Le due ferite sul corpo di Edipo sono dunque la cicatrice
delle origini, che non si può nascondere, e la cicatrice dell’uomo
errante, che non pare riuscire a sanarsi. Questa seconda insanabile
cicatrice nella civiltà occidentale ha un significato come lo ha la cicatrice
dell’origine che marca il valore attribuito all’appartenenza a un luogo
specifico. I greci coglievano nell’interminabile viaggio di Edipo una
risonanza con le leggende omeriche, specialmente con quella di Ulisse.
L’ESSERE IN CAMMINO
Nella procedura greca, che più tardi sarebbe stata
codificata nel diritto romano, in alcune circostanze l’esilio era considerato
di fatto onorevole, più della scelta di Socrate: l’exsilium concedeva alla persona condannata alla pena capitale
il diritto di scegliere l’espulsione al posto della morte, una scelta che
risparmiava agli amici e alla famiglia la vergogna e il dolore di
assistere all’esecuzione di uno di loro. Ma Sofocle nel suo Edipo a Colono inserisce una dimensione morale nell’atto di emigrare,
rappresentando Edipo come una figura nobilitata dal suo stesso sradicamento.
La tragedia trasforma Edipo in meteco,
in straniero, in un personaggio di tragica grandezza più che in un estraneo
la cui levatura è minore di quella di un cittadino.

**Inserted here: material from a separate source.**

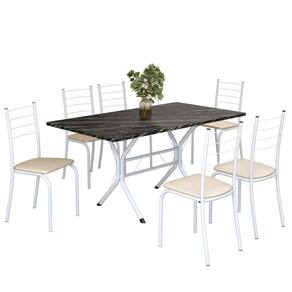 Conjunto Sala de Jantar Mesa Retangular 140x75cm Tampo Madeira Mdp Indiana 6 Cadeiras Rio Creme / Branco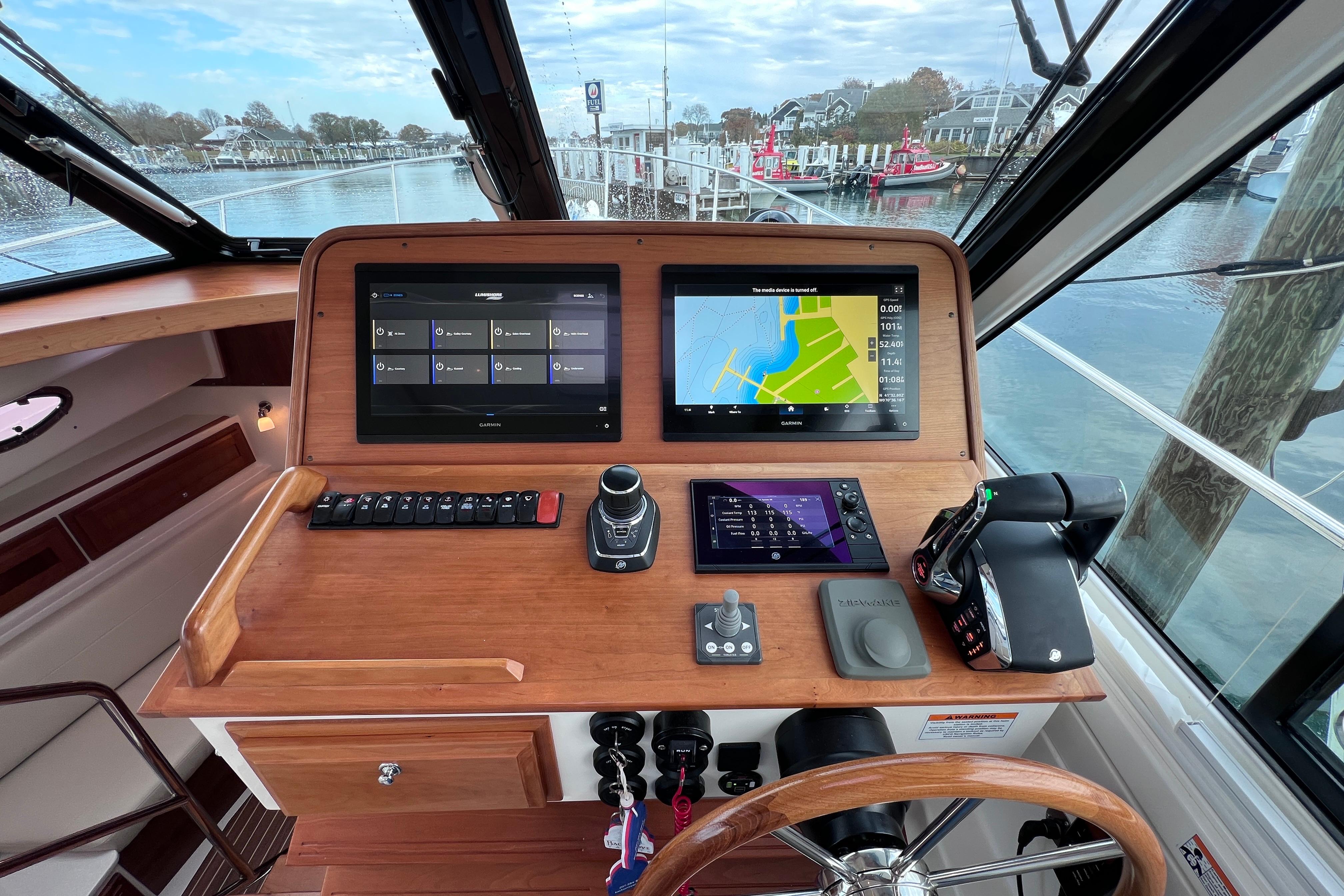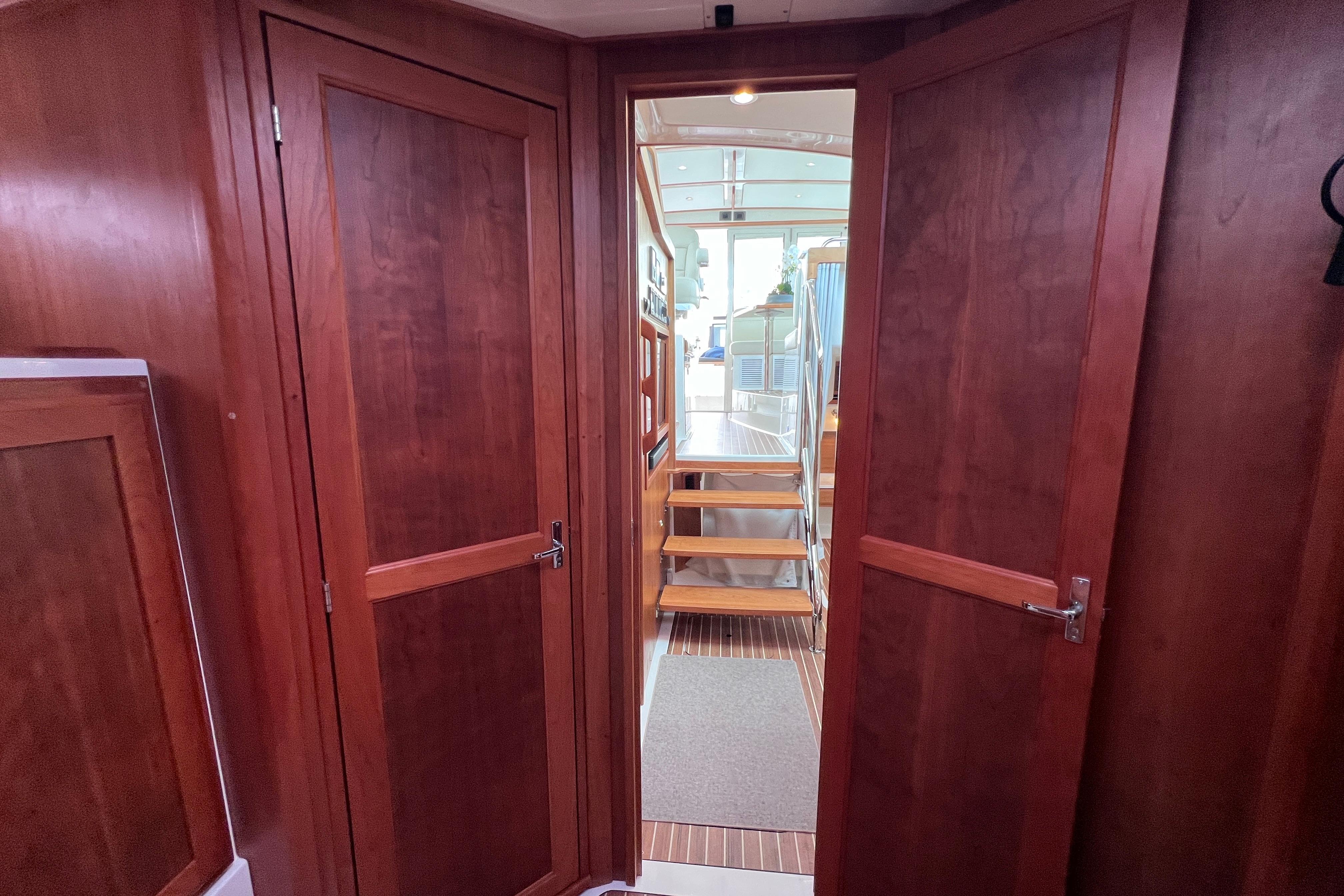 Below deck, guests enjoy a private lower lounge with a Smart TV, while the owner’s stateroom features a queen island berth and private ensuite access to the head and shower. The guest cabin offers two generous single berths, ensuring everyone aboard rests in comfort.

Diventare uno straniero significa essere strappati
dalle proprie radici. La condizione di sradicamento assume nella tradizione
giudaico-cristiana un valore morale positivo, anzi potremmo dire che diventa
di fondamentale importanza. Gli uomini dell’Antico Testamento si consideravano
nomadi senza radici. Lo Jahvè dell’Antico Testamento, con la sua Arca
dell’Alleanza trasportabile, era lui stesso un dio nomade come sottolinea
il teologo Harvey Cox: «Quando l’Arca, infine, fu catturata dai filistei,
gli ebrei cominciarono a rendersi conto che Jahvè non si trovava nemmeno
in essa (…). Egli viaggiava con il suo popolo e altrove».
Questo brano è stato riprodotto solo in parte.